===== DATA FOR REVIEW

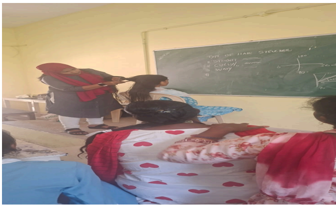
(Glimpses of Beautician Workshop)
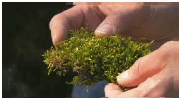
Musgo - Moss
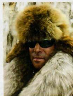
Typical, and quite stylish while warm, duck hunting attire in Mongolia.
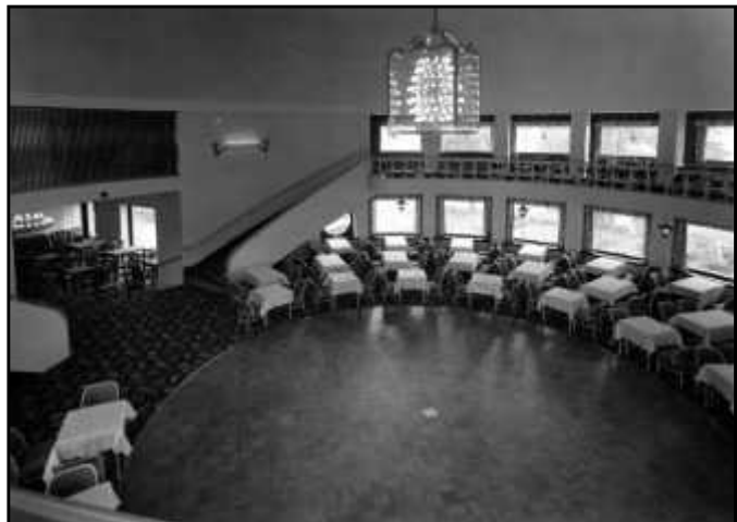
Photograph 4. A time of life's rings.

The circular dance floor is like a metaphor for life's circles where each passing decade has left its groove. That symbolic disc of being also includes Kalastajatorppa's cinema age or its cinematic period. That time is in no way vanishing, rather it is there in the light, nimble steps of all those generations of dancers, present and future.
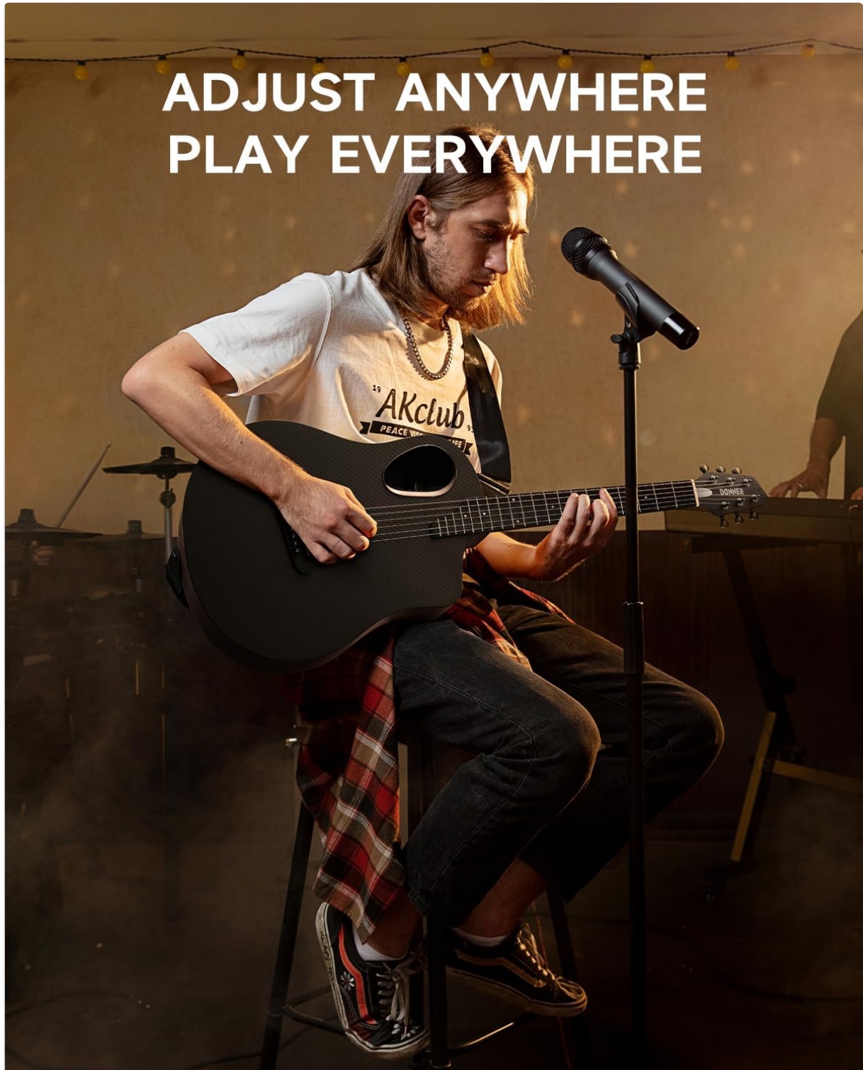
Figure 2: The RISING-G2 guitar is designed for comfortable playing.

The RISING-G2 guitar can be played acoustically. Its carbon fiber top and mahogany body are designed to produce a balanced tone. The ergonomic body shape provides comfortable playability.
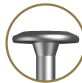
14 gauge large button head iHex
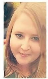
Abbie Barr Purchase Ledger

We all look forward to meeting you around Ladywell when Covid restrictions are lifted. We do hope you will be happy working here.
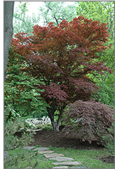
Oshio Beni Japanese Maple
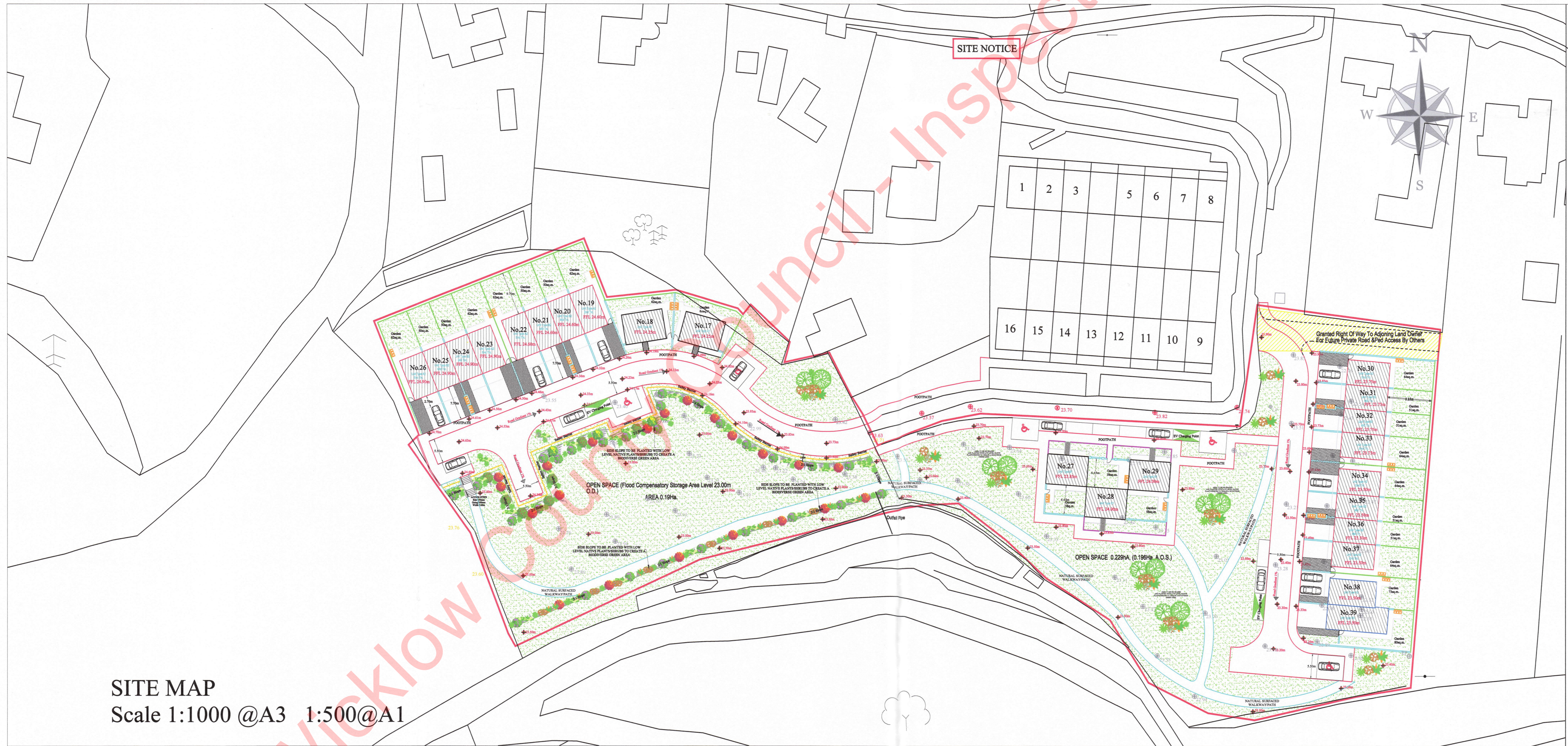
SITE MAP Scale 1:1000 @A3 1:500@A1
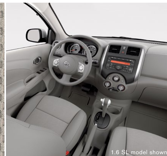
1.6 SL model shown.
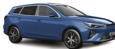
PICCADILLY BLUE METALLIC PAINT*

==========
===== DATA FOR REVIEW

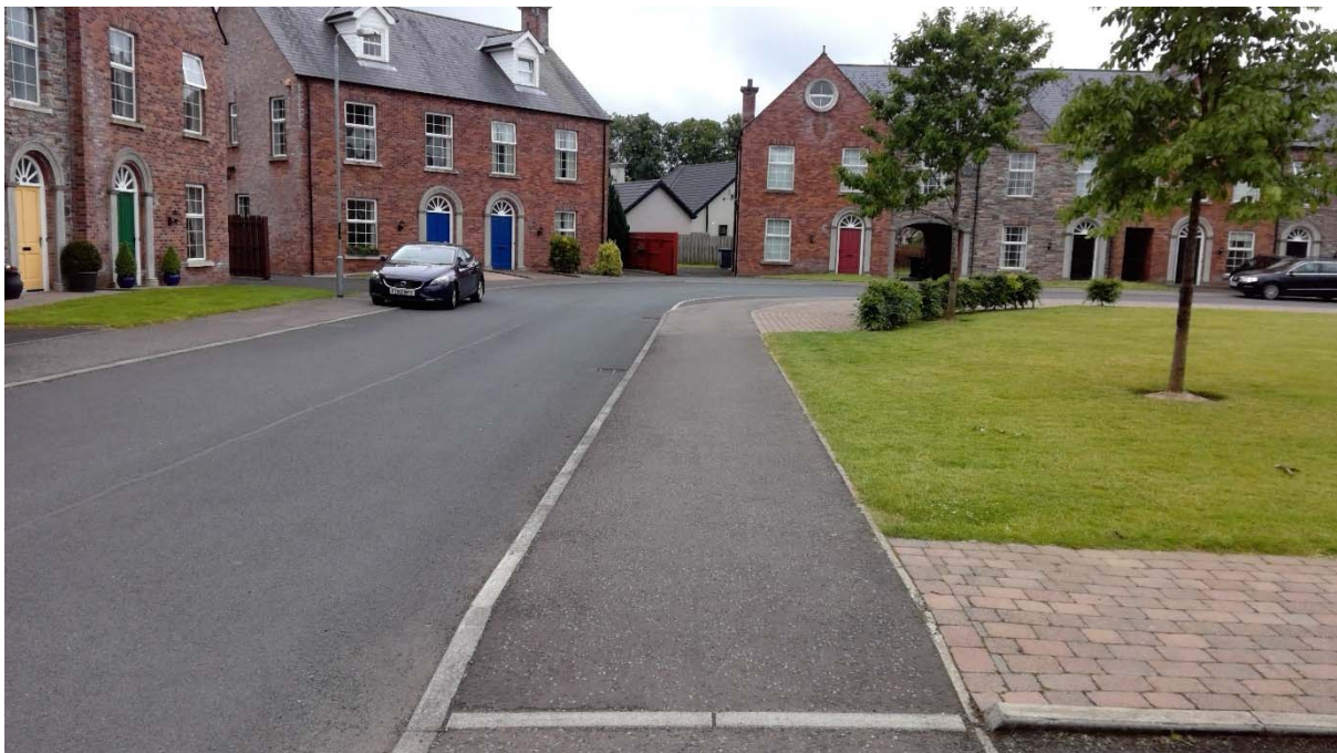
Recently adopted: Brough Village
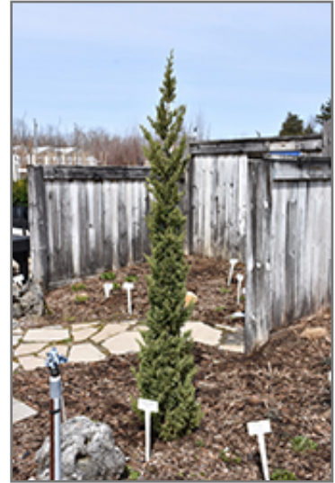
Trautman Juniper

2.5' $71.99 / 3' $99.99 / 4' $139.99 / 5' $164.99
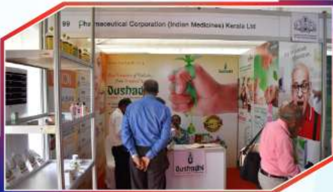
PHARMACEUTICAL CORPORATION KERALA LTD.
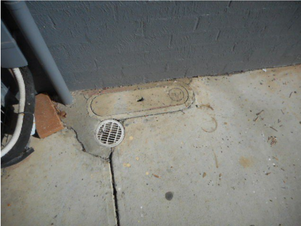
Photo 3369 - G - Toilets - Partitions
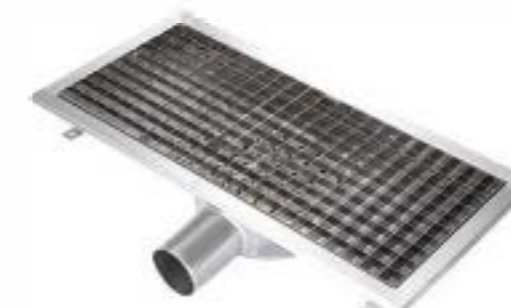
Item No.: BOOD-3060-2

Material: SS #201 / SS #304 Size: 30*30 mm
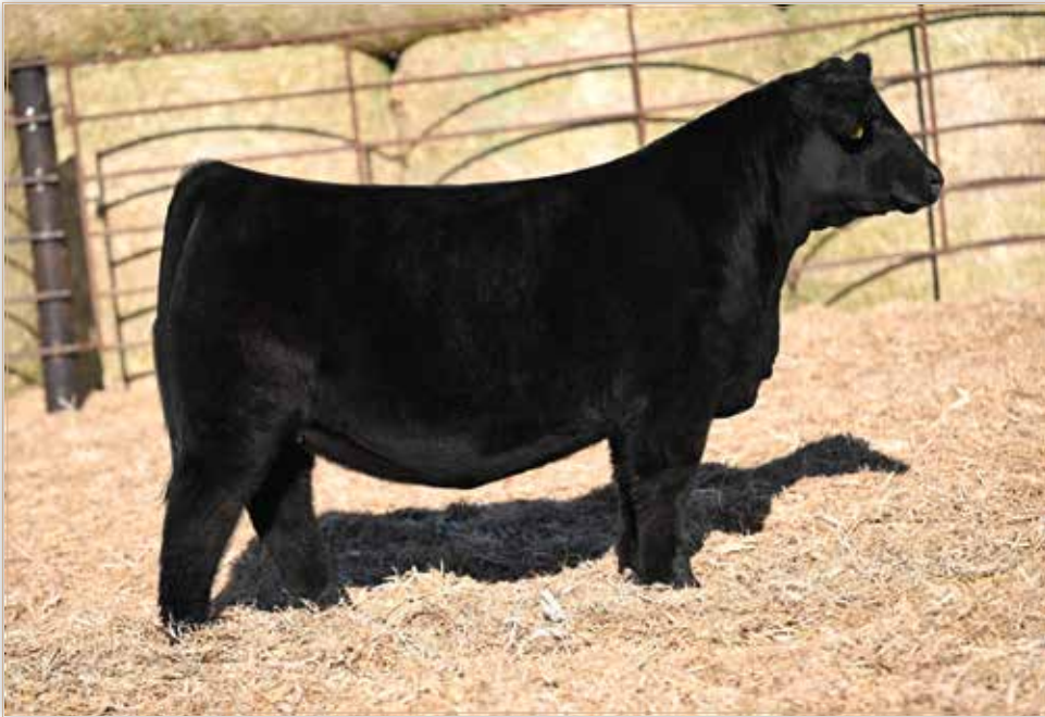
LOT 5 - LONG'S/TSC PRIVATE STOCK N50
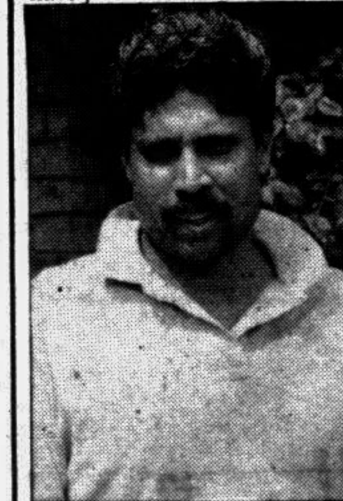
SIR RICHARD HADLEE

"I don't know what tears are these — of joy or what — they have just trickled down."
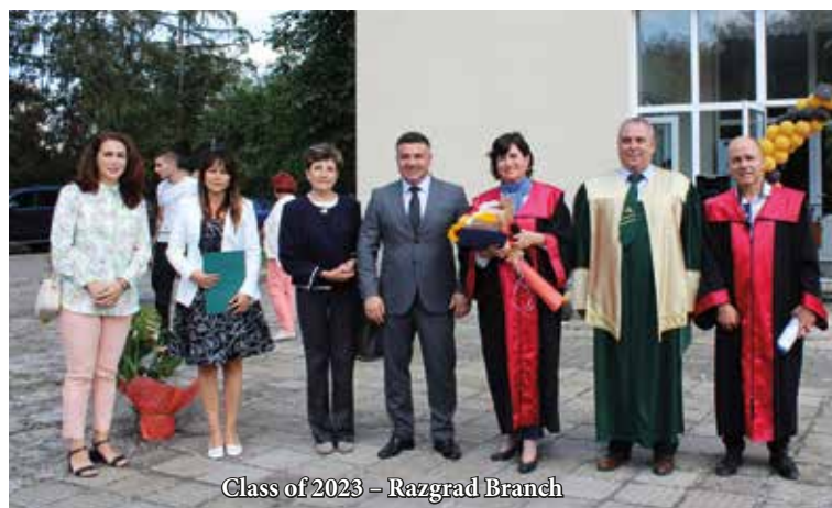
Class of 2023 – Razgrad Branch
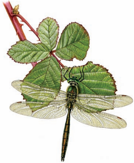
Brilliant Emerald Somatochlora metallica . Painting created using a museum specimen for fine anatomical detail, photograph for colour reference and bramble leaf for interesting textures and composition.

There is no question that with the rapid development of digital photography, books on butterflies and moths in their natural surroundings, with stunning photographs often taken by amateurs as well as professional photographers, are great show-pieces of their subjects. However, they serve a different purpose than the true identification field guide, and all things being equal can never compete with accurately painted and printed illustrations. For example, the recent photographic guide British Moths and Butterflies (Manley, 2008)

==========

**TASK OBJECTIVE:**
Select every line in the material above where the string "designed" occurs, and copy it.

**EXPECTED OUTPUT:**
Figure 2: The RISING-G2 guitar is designed for comfortable playing.
The RISING-G2 guitar can be played acoustically. Its carbon fiber top and mahogany body are designed to produce a balanced tone. The ergonomic body shape provides comfortable playability.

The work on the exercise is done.